Only the pictures are to be dropped, and the rest of the data should be copied exactly.

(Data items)
== == ==
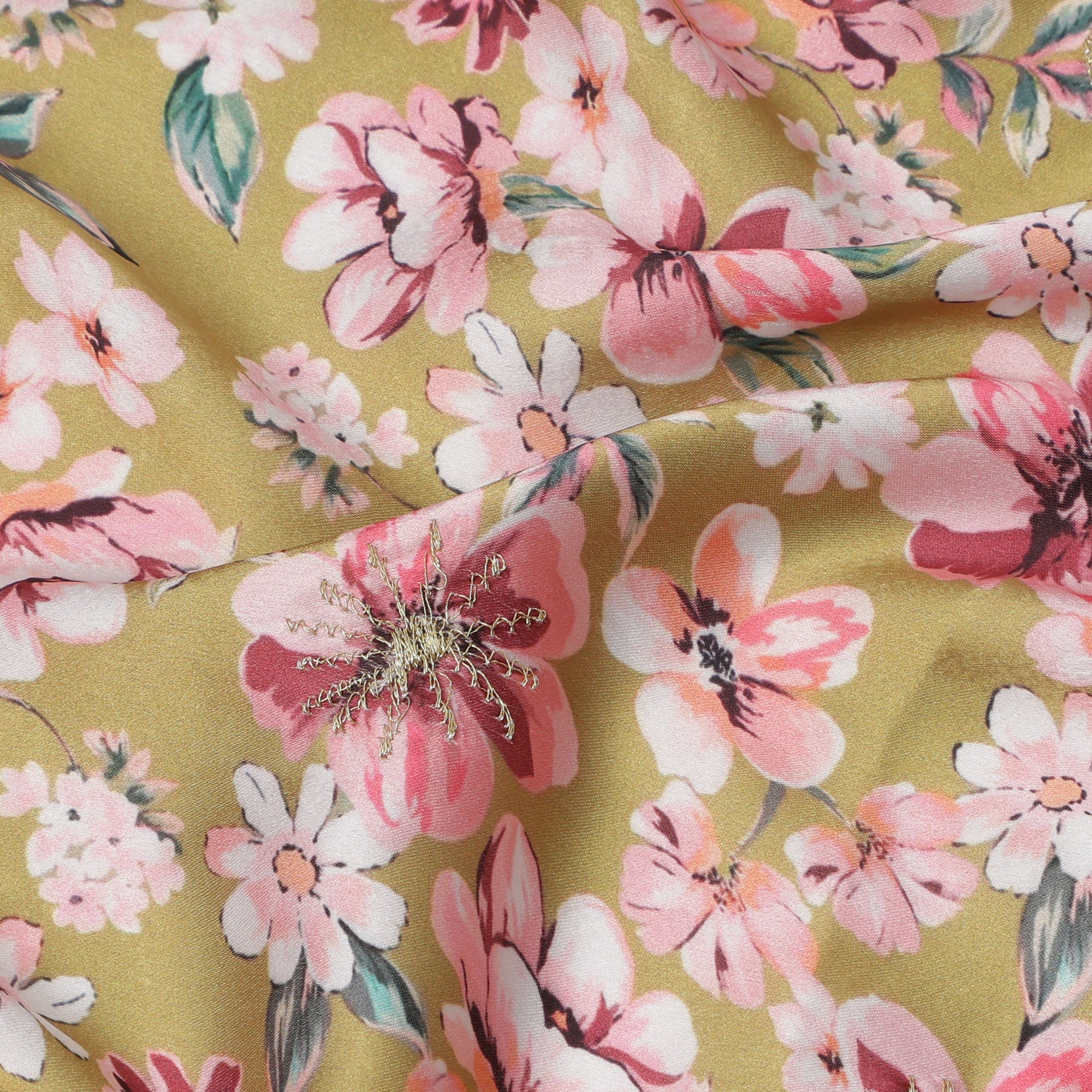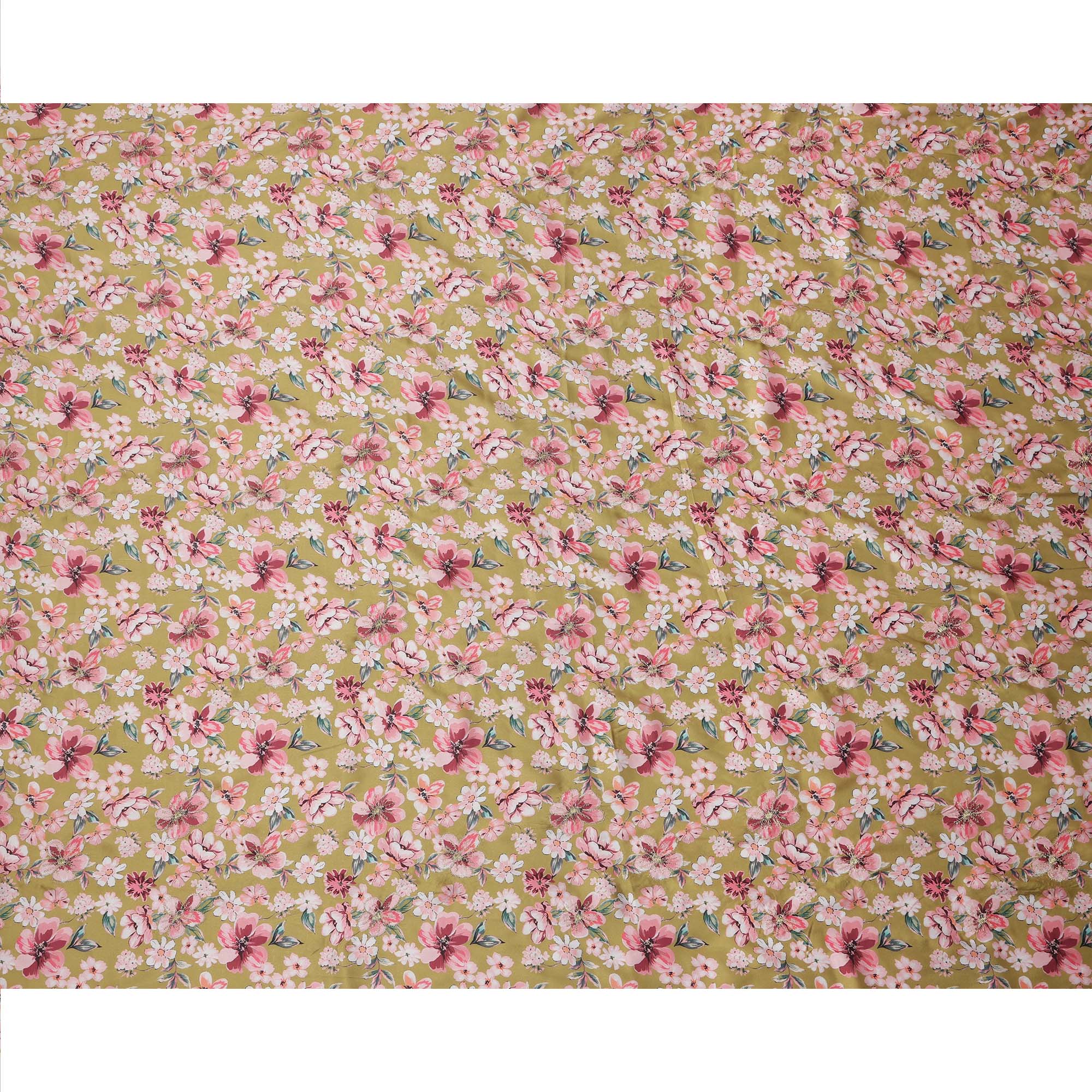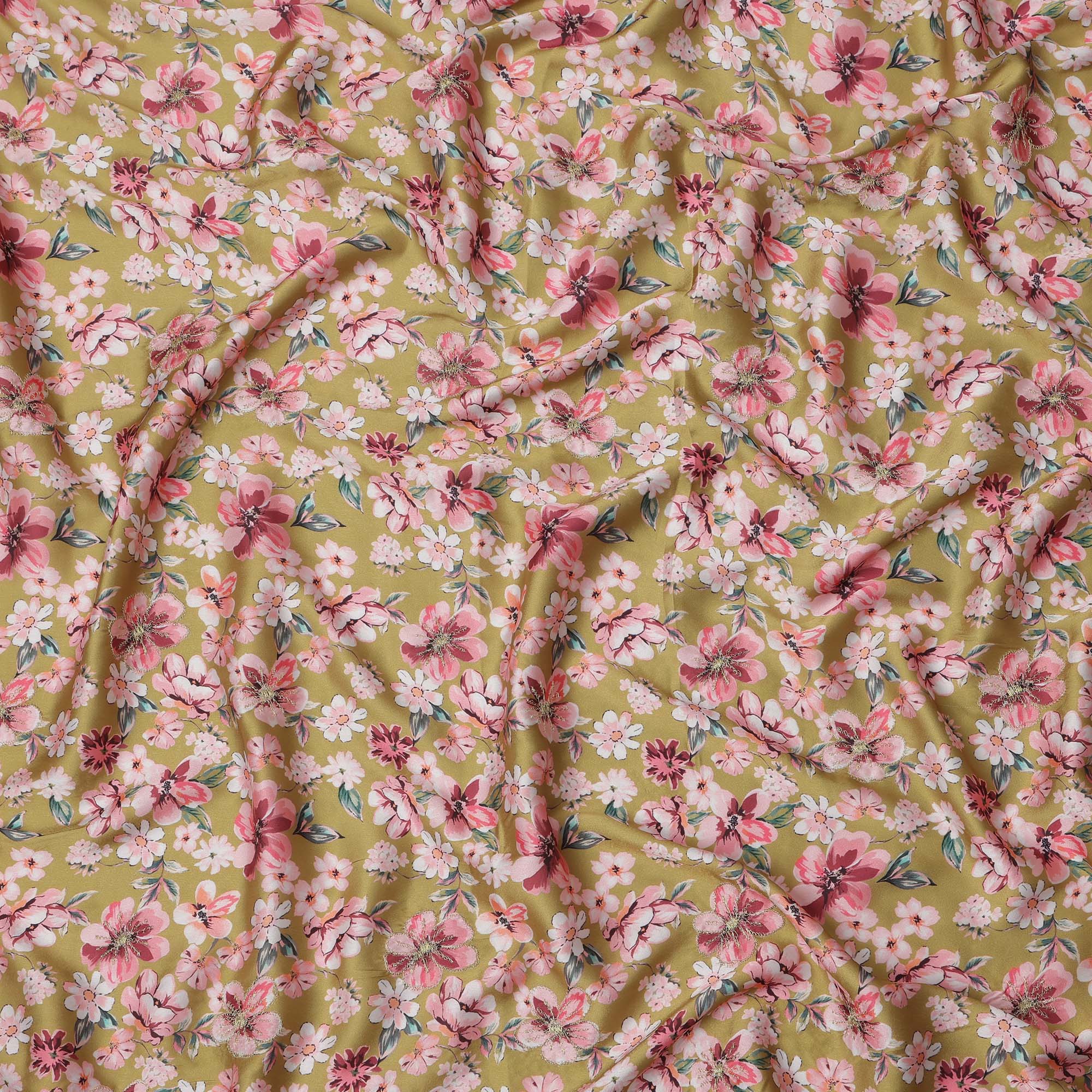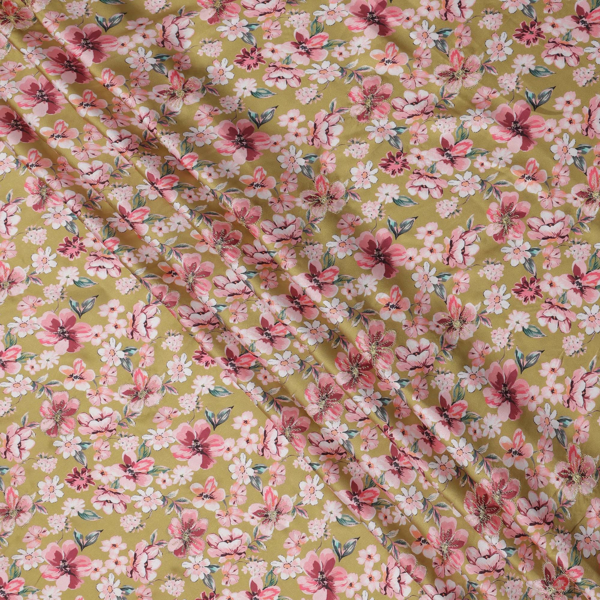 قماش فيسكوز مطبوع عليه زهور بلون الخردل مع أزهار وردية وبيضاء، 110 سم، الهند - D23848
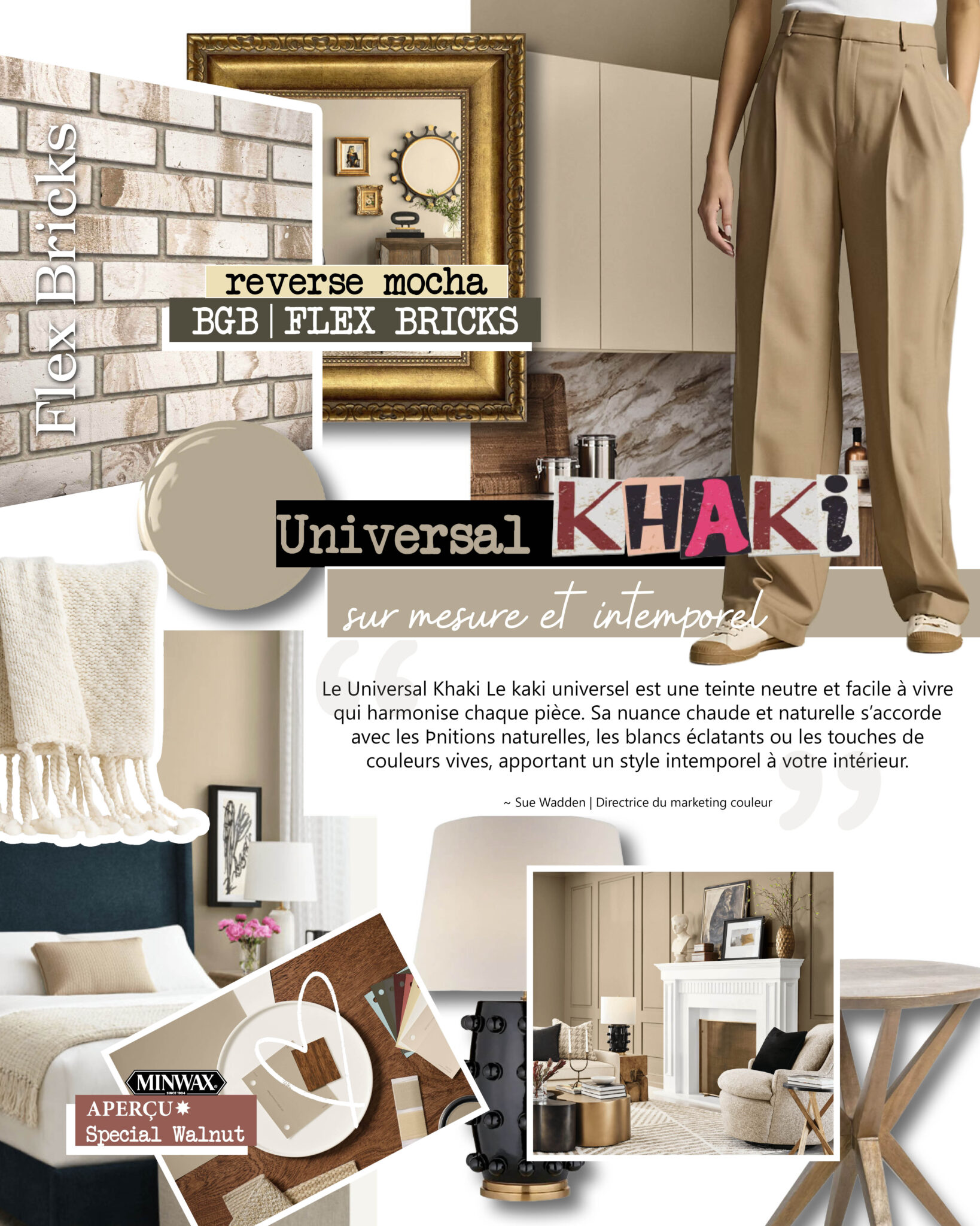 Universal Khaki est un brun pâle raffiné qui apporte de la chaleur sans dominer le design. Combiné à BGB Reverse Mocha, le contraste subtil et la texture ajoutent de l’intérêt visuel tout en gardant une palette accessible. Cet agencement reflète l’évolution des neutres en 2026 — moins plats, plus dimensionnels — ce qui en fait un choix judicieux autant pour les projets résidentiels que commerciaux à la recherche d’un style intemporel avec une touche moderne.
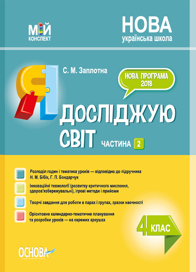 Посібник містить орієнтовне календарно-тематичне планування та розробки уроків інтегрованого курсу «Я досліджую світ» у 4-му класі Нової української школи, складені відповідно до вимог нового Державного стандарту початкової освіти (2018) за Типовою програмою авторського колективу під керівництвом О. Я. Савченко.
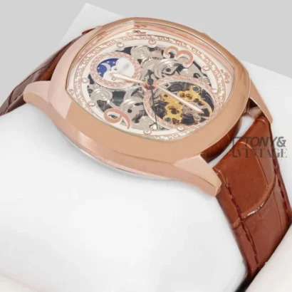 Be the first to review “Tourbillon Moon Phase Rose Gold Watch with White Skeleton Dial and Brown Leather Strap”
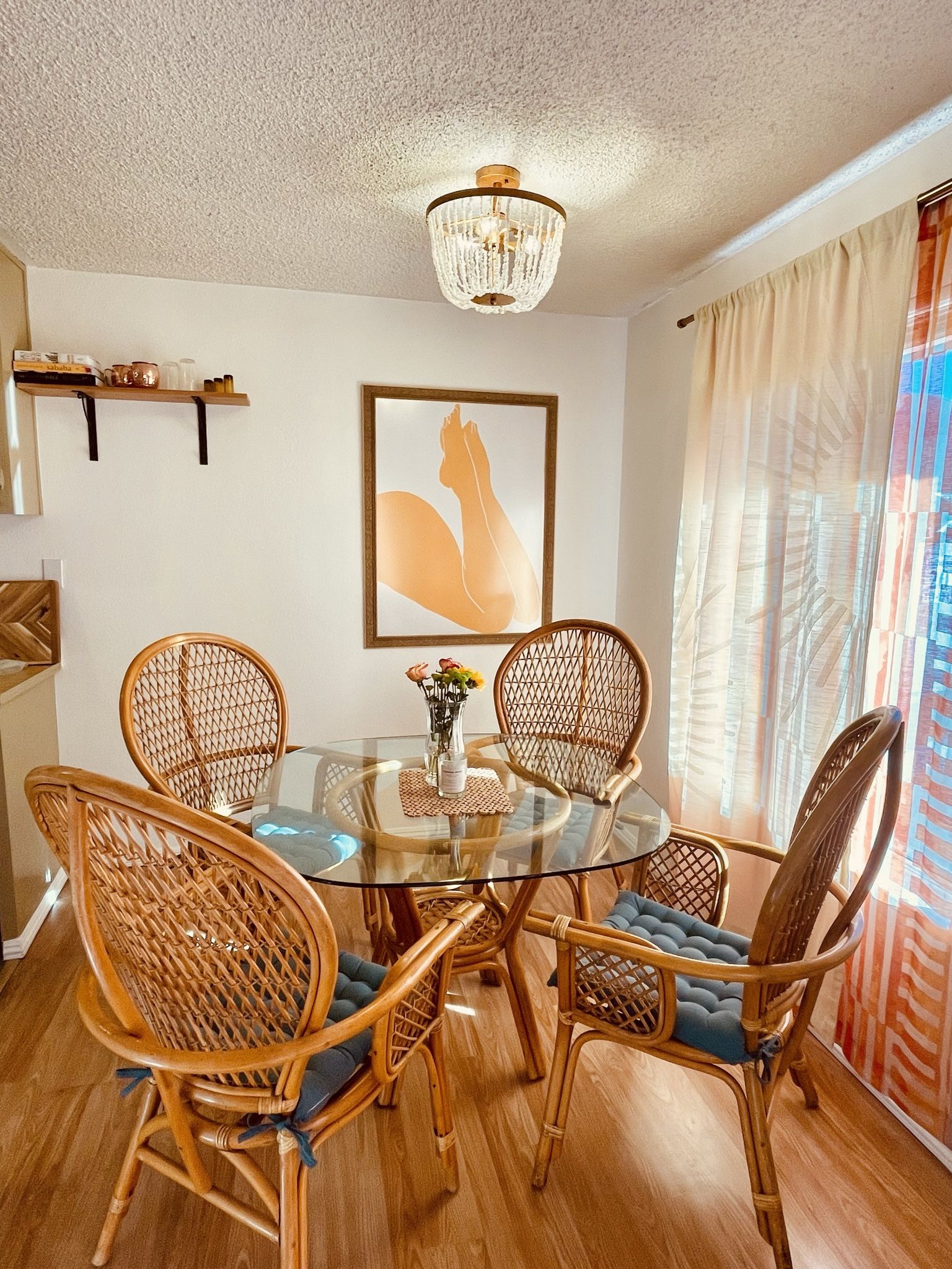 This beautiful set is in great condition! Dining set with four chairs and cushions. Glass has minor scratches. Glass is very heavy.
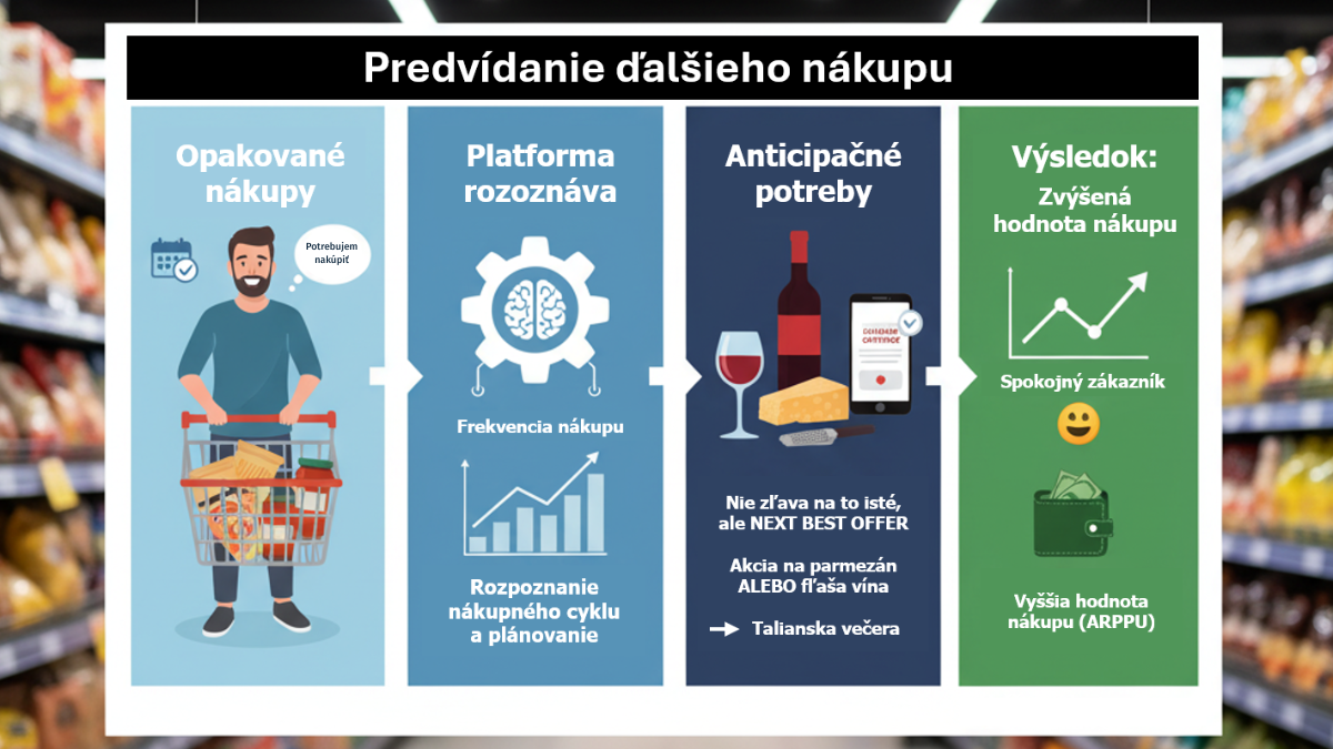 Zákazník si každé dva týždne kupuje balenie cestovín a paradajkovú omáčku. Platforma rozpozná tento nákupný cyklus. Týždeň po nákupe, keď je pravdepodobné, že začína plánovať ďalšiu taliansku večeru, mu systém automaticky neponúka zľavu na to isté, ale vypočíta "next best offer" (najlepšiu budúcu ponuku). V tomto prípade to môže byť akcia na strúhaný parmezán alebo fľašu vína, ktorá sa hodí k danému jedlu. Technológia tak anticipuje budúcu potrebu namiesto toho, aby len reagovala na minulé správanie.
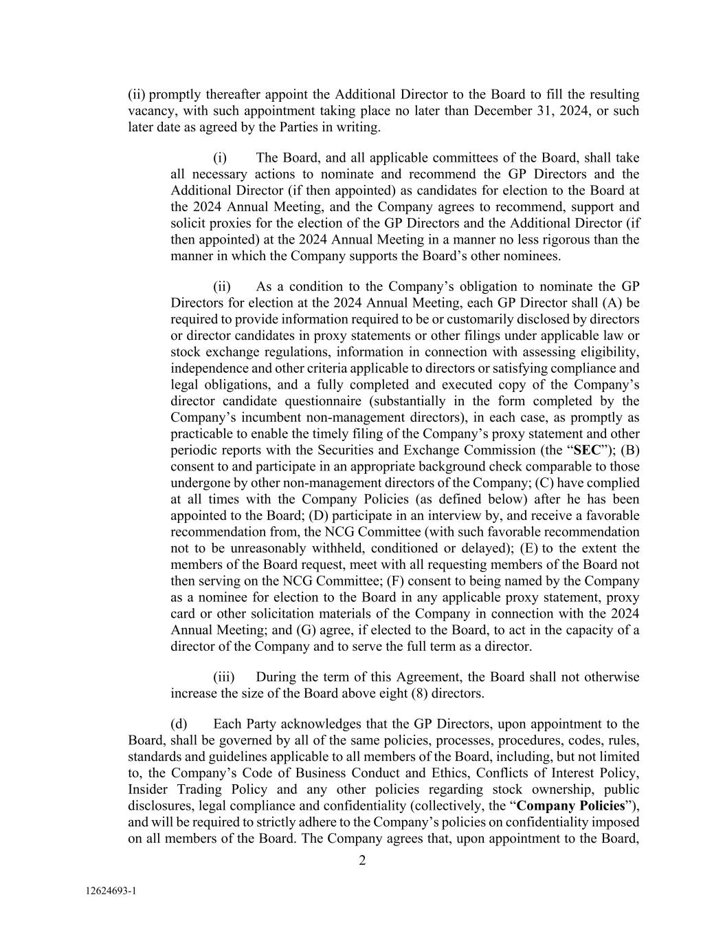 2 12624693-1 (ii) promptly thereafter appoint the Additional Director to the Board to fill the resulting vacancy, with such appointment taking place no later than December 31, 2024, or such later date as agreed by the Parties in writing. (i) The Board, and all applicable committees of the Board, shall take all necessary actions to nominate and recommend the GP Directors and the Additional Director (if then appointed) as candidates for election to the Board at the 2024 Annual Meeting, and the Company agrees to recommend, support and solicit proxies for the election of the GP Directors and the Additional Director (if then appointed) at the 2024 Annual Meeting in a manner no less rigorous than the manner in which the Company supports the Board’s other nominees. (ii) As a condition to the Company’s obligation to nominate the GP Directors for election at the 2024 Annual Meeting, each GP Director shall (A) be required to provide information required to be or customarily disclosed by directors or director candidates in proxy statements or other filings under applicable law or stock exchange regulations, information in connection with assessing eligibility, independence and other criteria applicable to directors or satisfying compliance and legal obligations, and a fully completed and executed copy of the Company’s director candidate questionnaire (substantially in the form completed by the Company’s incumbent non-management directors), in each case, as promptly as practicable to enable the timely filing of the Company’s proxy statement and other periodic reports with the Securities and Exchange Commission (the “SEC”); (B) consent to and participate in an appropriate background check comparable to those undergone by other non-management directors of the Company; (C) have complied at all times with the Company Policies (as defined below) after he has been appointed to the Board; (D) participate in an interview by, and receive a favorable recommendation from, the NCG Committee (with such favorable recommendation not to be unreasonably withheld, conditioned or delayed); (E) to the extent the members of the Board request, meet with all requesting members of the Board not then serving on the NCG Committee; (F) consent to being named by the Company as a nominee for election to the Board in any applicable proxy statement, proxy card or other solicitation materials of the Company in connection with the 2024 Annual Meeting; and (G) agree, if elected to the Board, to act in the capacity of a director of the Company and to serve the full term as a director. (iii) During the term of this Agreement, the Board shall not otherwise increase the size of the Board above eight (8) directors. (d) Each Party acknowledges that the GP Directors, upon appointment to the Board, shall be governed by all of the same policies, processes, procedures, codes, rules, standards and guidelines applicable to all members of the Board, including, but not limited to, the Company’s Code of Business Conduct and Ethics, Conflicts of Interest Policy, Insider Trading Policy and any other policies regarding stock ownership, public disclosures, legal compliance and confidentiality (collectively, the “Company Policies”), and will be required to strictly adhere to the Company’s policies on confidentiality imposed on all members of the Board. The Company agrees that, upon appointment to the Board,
== == ==
WRITTEN RESPONSE:
 قماش فيسكوز مطبوع عليه زهور بلون الخردل مع أزهار وردية وبيضاء، 110 سم، الهند - D23848
 Universal Khaki est un brun pâle raffiné qui apporte de la chaleur sans dominer le design. Combiné à BGB Reverse Mocha, le contraste subtil et la texture ajoutent de l’intérêt visuel tout en gardant une palette accessible. Cet agencement reflète l’évolution des neutres en 2026 — moins plats, plus dimensionnels — ce qui en fait un choix judicieux autant pour les projets résidentiels que commerciaux à la recherche d’un style intemporel avec une touche moderne.
 Посібник містить орієнтовне календарно-тематичне планування та розробки уроків інтегрованого курсу «Я досліджую світ» у 4-му класі Нової української школи, складені відповідно до вимог нового Державного стандарту початкової освіти (2018) за Типовою програмою авторського колективу під керівництвом О. Я. Савченко.
 Be the first to review “Tourbillon Moon Phase Rose Gold Watch with White Skeleton Dial and Brown Leather Strap”
 This beautiful set is in great condition! Dining set with four chairs and cushions. Glass has minor scratches. Glass is very heavy.
 Zákazník si každé dva týždne kupuje balenie cestovín a paradajkovú omáčku. Platforma rozpozná tento nákupný cyklus. Týždeň po nákupe, keď je pravdepodobné, že začína plánovať ďalšiu taliansku večeru, mu systém automaticky neponúka zľavu na to isté, ale vypočíta "next best offer" (najlepšiu budúcu ponuku). V tomto prípade to môže byť akcia na strúhaný parmezán alebo fľašu vína, ktorá sa hodí k danému jedlu. Technológia tak anticipuje budúcu potrebu namiesto toho, aby len reagovala na minulé správanie.
 2 12624693-1 (ii) promptly thereafter appoint the Additional Director to the Board to fill the resulting vacancy, with such appointment taking place no later than December 31, 2024, or such later date as agreed by the Parties in writing. (i) The Board, and all applicable committees of the Board, shall take all necessary actions to nominate and recommend the GP Directors and the Additional Director (if then appointed) as candidates for election to the Board at the 2024 Annual Meeting, and the Company agrees to recommend, support and solicit proxies for the election of the GP Directors and the Additional Director (if then appointed) at the 2024 Annual Meeting in a manner no less rigorous than the manner in which the Company supports the Board’s other nominees. (ii) As a condition to the Company’s obligation to nominate the GP Directors for election at the 2024 Annual Meeting, each GP Director shall (A) be required to provide information required to be or customarily disclosed by directors or director candidates in proxy statements or other filings under applicable law or stock exchange regulations, information in connection with assessing eligibility, independence and other criteria applicable to directors or satisfying compliance and legal obligations, and a fully completed and executed copy of the Company’s director candidate questionnaire (substantially in the form completed by the Company’s incumbent non-management directors), in each case, as promptly as practicable to enable the timely filing of the Company’s proxy statement and other periodic reports with the Securities and Exchange Commission (the “SEC”); (B) consent to and participate in an appropriate background check comparable to those undergone by other non-management directors of the Company; (C) have complied at all times with the Company Policies (as defined below) after he has been appointed to the Board; (D) participate in an interview by, and receive a favorable recommendation from, the NCG Committee (with such favorable recommendation not to be unreasonably withheld, conditioned or delayed); (E) to the extent the members of the Board request, meet with all requesting members of the Board not then serving on the NCG Committee; (F) consent to being named by the Company as a nominee for election to the Board in any applicable proxy statement, proxy card or other solicitation materials of the Company in connection with the 2024 Annual Meeting; and (G) agree, if elected to the Board, to act in the capacity of a director of the Company and to serve the full term as a director. (iii) During the term of this Agreement, the Board shall not otherwise increase the size of the Board above eight (8) directors. (d) Each Party acknowledges that the GP Directors, upon appointment to the Board, shall be governed by all of the same policies, processes, procedures, codes, rules, standards and guidelines applicable to all members of the Board, including, but not limited to, the Company’s Code of Business Conduct and Ethics, Conflicts of Interest Policy, Insider Trading Policy and any other policies regarding stock ownership, public disclosures, legal compliance and confidentiality (collectively, the “Company Policies”), and will be required to strictly adhere to the Company’s policies on confidentiality imposed on all members of the Board. The Company agrees that, upon appointment to the Board,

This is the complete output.